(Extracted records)

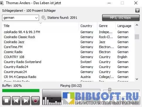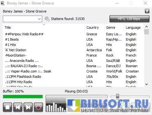 - Записывает воспроизводимые онлайн-эфиры выбранных радиостанций в аудиофайлы указанных форматов;
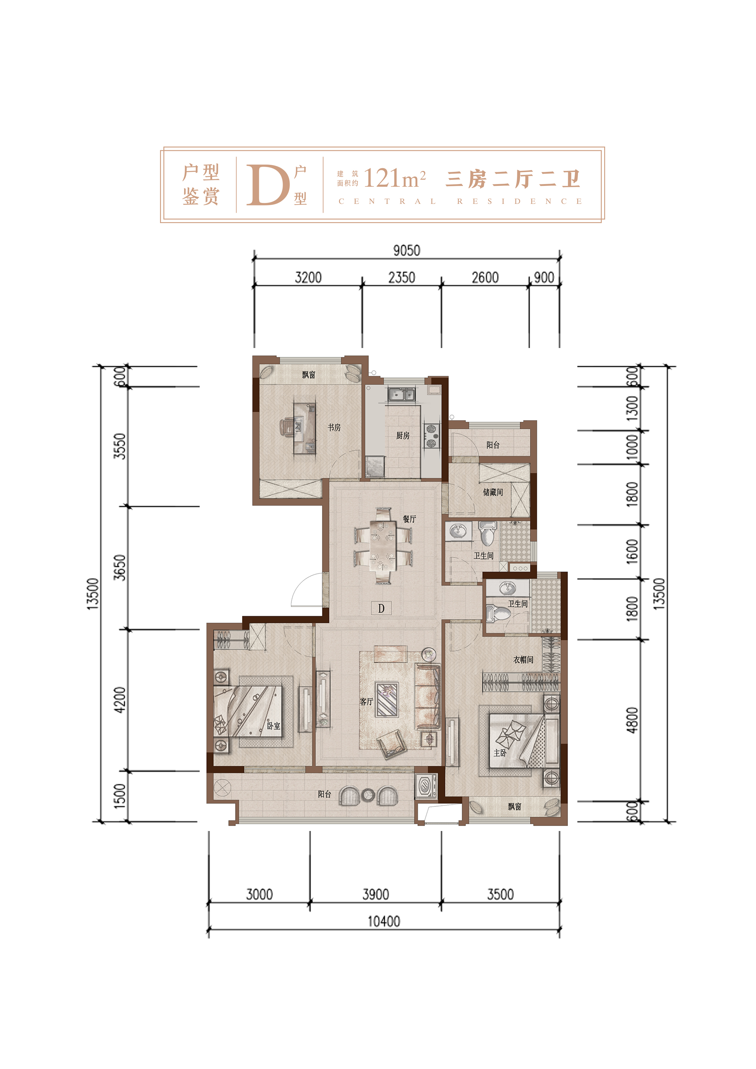 3室2厅2卫-三房二厅二室121㎡
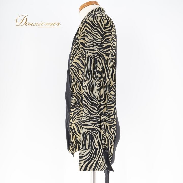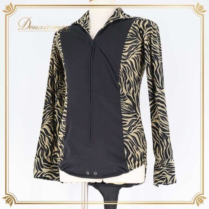 社交ダンス 衣装 ブラウス トップス メンズ MAISON DE DANSE ゼブラ 黒 金 ストレッチ 伸縮 ラテン ジャズ パーティ 発表会 男性 ブラック系 ゴールド系 ファッション ダンスウエア サルサ カジュアルシャツ おしゃれ ゼブラ柄 メンズファッション ステージ衣装 パフォーマンス用
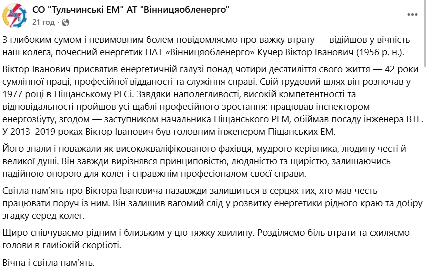 Пішов із життя почесний енергетик ПАТ «Вінницяобленерго» Віктор Кучер. Йому було 69 років. Віктор розпочав свій трудовий шлях у 1977 році.
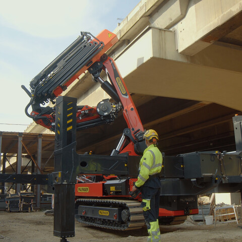 Großkrane im Einsatz! Feinfühlige Montagearbeiten, hohe Reichweiten über Störkanten und Heben schwerer Lasten im Nahbereich. Das zeichnet die PALFINGER Knickarmkrane der schweren Kranreihe aus. Smarte Assistenzsysteme helfen dabei, selbst kniffelige Hübe souverän zu meistern.
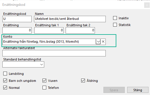 Vid fakturering av ersättning till företag eller försäkringsbolag så lägger du till bokföringskonto på den ersättningskoden som du har använt. Inställningar | Ersättningskoder och redigera den ersättningskod som du har valt på besöket.

What you are asked to do ::
Return exactly the line containing "Großkrane im Einsatz!" and every line after it, up to and including the final line of the entries above. Pictures stay out.

Worked solution ::
 Großkrane im Einsatz! Feinfühlige Montagearbeiten, hohe Reichweiten über Störkanten und Heben schwerer Lasten im Nahbereich. Das zeichnet die PALFINGER Knickarmkrane der schweren Kranreihe aus. Smarte Assistenzsysteme helfen dabei, selbst kniffelige Hübe souverän zu meistern.
 Vid fakturering av ersättning till företag eller försäkringsbolag så lägger du till bokföringskonto på den ersättningskoden som du har använt. Inställningar | Ersättningskoder och redigera den ersättningskod som du har valt på besöket.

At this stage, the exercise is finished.